1) Warre hives are foundationless. There will be comb attachment up and down the sides of the box and you will have a very difficult time attempting to remove the bars to do inspections, etc. Unless you use a follower board of some sort or are very proficient at removing comb without breaking it off, you will be quite limited in your ability to "work" the hive. A couple times this year I made attempts to work in a couple of my Warre hives with horrible results. Broken comb, frustrated bees, ultimately leaving me entirely unable to remove comb at all from most boxes. 

2) Crosscomb. Unless you are absolutely diligent about nipping crosscomb in the bud, I find a great deal more crosscomb in my Warre hives than my HTBHs. This means that you will be unable to remove much of your comb from your boxes to "work" them. 

What are your issues with Warre's management style? After working in 12+ Warre hives for a season I can say that it suits the hive very well, and attempting to use them differently could be difficult. 

Supering, however, would certainly work. 

Cheers,
Matt


----------



## RayMarler

Try making your TBH the correct dimensions so that you can set a langstroth box sideways on top, so that the frames run the same direction as the top bars below it. 

The lang won't cover the full length of the TBH under it, so use a top cover on the part of the TBH that the lang does not cover... or make the TBH dimensions so you can set 2 langs on top, sideways, so the frames run same direction as the bars below. So, what would that be, outside dimensions of the top of the TBH would be 20 inches wide by 32 1/2 inches long. Then could set 2 langthstroths on top sideways so all frames run same direction as bars below. Could even use 2 queen excluders, one under each langstroth.

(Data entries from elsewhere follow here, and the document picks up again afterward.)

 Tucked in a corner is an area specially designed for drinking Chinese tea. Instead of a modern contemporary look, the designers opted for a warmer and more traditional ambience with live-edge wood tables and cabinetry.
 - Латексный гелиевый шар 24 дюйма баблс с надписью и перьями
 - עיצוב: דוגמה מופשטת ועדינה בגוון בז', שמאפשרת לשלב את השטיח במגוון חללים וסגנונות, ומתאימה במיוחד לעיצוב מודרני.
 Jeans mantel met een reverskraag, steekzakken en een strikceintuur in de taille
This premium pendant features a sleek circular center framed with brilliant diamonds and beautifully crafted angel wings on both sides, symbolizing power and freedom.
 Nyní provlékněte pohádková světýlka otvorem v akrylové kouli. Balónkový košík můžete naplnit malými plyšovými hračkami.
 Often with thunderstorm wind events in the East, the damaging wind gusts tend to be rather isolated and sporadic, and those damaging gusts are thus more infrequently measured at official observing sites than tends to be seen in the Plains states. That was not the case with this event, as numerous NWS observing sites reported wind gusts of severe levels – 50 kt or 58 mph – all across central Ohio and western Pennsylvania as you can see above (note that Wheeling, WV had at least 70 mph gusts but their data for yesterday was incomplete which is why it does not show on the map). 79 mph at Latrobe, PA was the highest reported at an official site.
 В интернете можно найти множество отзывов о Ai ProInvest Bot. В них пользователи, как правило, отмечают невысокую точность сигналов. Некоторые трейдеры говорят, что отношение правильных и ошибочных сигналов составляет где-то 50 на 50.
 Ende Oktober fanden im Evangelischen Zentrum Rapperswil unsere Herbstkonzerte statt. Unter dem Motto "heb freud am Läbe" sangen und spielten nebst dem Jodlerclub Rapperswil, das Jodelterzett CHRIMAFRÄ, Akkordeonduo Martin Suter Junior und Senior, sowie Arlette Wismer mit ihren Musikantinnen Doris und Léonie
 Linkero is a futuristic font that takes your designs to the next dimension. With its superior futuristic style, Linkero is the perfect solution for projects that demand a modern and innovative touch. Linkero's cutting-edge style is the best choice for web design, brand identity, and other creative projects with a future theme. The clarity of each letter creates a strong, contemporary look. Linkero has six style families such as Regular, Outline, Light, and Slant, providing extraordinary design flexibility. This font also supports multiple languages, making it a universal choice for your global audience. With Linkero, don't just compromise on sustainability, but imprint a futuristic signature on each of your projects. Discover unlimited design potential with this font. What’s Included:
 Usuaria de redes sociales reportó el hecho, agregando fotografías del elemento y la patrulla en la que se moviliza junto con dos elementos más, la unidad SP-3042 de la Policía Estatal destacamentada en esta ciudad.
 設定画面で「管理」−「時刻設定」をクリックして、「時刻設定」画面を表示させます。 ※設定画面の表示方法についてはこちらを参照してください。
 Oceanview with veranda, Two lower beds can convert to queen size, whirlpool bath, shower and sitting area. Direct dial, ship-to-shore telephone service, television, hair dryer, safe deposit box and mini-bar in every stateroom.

If you used 8 frame boxes could make the TBH 20 inches wide by 27 3/4 inches long with 2 8 frame langs on top of it.

OK, confession time, I've never used TBH and this idea was not mine originally.


----------



## jello7654

"What are your issues with Warre's management style? After working in 12+ Warre hives for a season I can say that it suits the hive very well, and attempting to use them differently could be difficult." Cacklewack

Thank you all for your quick responses , in answer to this I will need to explain a bit .

My problem or issue I would think is almost more of a philosphical one with the extreme limited opening of the hive( I see what is being said abot scent etc and acknowledge it ) , the naturalness of it and what I have observed in some of the attitudes about the hive and the beekeeprs relationship with it .

I may be wrong . but I have always envisoned beekeeping to be primarely for the beekeeper and his or her enjoyment , enrichment what have you .In the end whether a warre hive or htbh or lang you are taking a insect( I would argue a "modiefied one with honeybees beeing in a real sense designed by breeding etc for our hives ) and putting them inside a box which to me alters the relationship from being just purely a natural one , I have yet to see a tbh/warre/lang naturaly in nature or see a tree wether super or midd or nadir itself 

What I have scene with the warre and some of its proponents( not all . but at least in alot of the english forums ) what I would call an extreme view of the bee/beekeeper relationship to the point that it seems to be almost " sinnfull to ever mention , inspection , supering , or even a good honey yield . This honestly makes me to pause and wonder the whole manegment style . 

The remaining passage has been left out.